Flight Cancellations and Delays:
- A significant number of complaints relate to flight cancellations or delays and the inadequate responsiveness of airlines in addressing the situation. High frustration tickets emphasize the resulting inconveniences, such as missed connections and financial losses.
- Medium frustration tickets highlight general irritation with the situation without an extreme emotional reaction.
Pricing and Hidden Charges:
- Numerous complaints address unexpected costs or fees that passengers encountered, such as higher charges for luggage and unanticipated pricing discrepancies.
- High frustration tickets denote a sense of being exploited or frustrated by the pricing policies, while medium frustration tickets express confusion or annoyance at the difficulty of navigating costs.
Baggage Issues:
- Complaints about lost or damaged luggage are prevalent, with many expressing disbelief over the compensation or support available for such incidents. High frustration tickets articulate distress over valuable items lost or the impact on travel plans.
- Medium frustration tickets may relay concern without reaching the level of significant anxiety.
Tech Issues and Booking Complications:
- Several complaints relate to technical problems during the booking process or confusion regarding ticket rules and regulations, particularly around connecting flights and baggage handling.
- High frustration tickets are marked by feelings of helplessness regarding procedural issues, while medium frustration tickets reveal confusion about technology but not an overwhelming sense of urgency.
Seating Assignments:
- Problems with seating arrangements and failures to honor pre-allocated seats are reported frequently, often leading to significant frustrations when families are separated or downgraded.
- High frustration complaints typically involve outright anger over the perceived injustices, while medium-level frustration might indicate disappointment or uncertainty.
Frustration Levels:¶
High Frustration Level:
- Complaints are intense, often expressing a mixture of anger, betrayal, or a feeling of being wronged. The customers frequently demand action, compensation, or vocalize a firm decision to avoid using that airline again. There’s often a strong emotional reaction tied to personal losses or stressful situations.
Medium Frustration Level:
- These complaints convey dissatisfaction but often include a more measured tone. Customers are frustrated but might be seeking advice, expressing confusion about policies, or sharing experiences without an extreme emotional response. They may still be disappointed or annoyed but less likely than high frustration customers to express outrage or threat of action.
Low Frustration Level:
- Complaints at this level generally reflect positive remarks or minor issues. Customers express satisfaction with some aspects of service, appreciate efforts made by staff, or confirm that their experiences were generally acceptable, aside from small complaints or suggestions for improvement.

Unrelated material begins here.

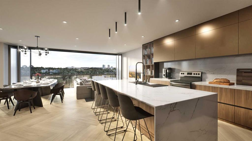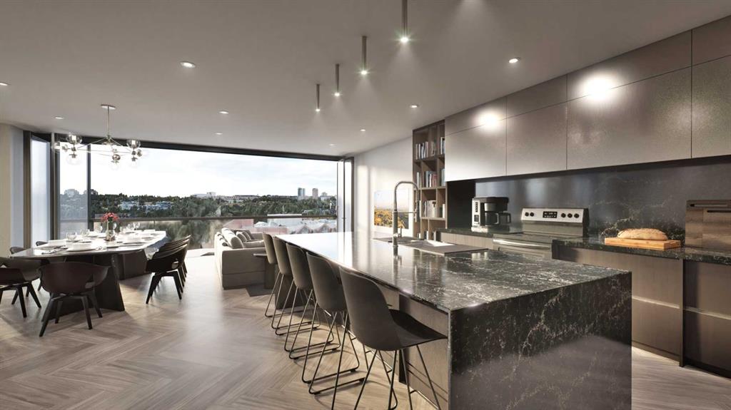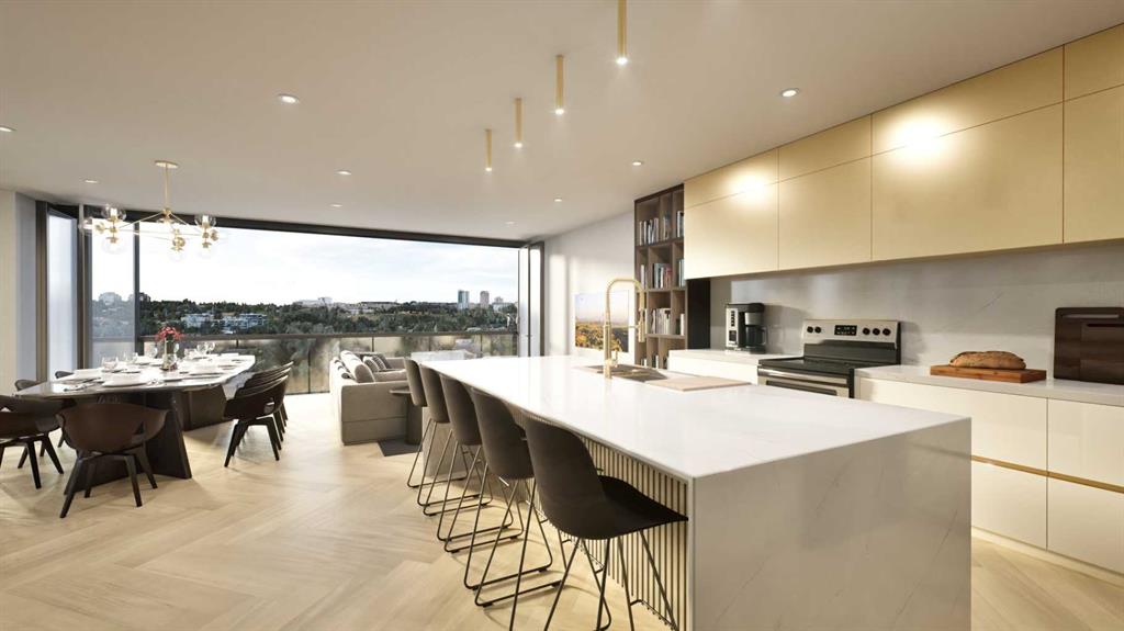 Welcome to your dream single-level residence in the sky overlooking beautiful Kensington at The Kenten. Masterfully designed by architects Davignon and Martin, The Riley is designed to give Calgarians a spacious luxury option for people coming from both a smaller condo or a larger home. As you step in, you are greeted by a direct view of the Kensington valley; floor to ceiling triple-pane windows; a 22-foot-wide living space featuring open concept kitchen, living, and dining, designed to entertain your family and friends. Enjoy a gourmet kitchen with gas range, custom millwork, built-in pantry, and fireplace that all flow towards your opening wall system onto a large terrace overlooking Kensington. The large primary bedroom has balcony access, a large walk-in closet that can be converted to partial storage, and a 5-piece ensuite bathroom with a floating tub and heated floors. The second bedroom comes with a built-in murphy bed and a glass wall separating the office area. An additional bathroom and laundry room complete the residence accompanied by 2 bike racks, 2 titled storage lockers, and 2 titled parking stalls. There are 3 modern palettes to choose from that can be further customized to your liking. The Kenten features over 8,000 square feet of amenities including a sky lounge, gym overlooking Kensington, golf simulator, sauna, hot tub, concierge, guest suites, car wash, and more. Explore a simplified lock and leave lifestyle you didn't know was possible, with 250+ shops and restaurants in Kensington and river pathways stemming from one end of the city to the other. Now preselling, our show suite is open for viewings by private appointment. With only 42 residences, don't miss this once in a lifetime opportunity to live at the most interesting corner in Calgary.

In summary, the overall complaints indicate major issues with customer service, flight management, and pricing policies, with the intensity of complaints varying significantly based on the frustration levels of the customers. High frustration tickets tend to express feelings of helplessness and betrayal, while medium frustration tickets reflect confusion and irritation without extreme emotional responses. Low frustration complaints were rare and often offered constructive feedback instead of outright complaints.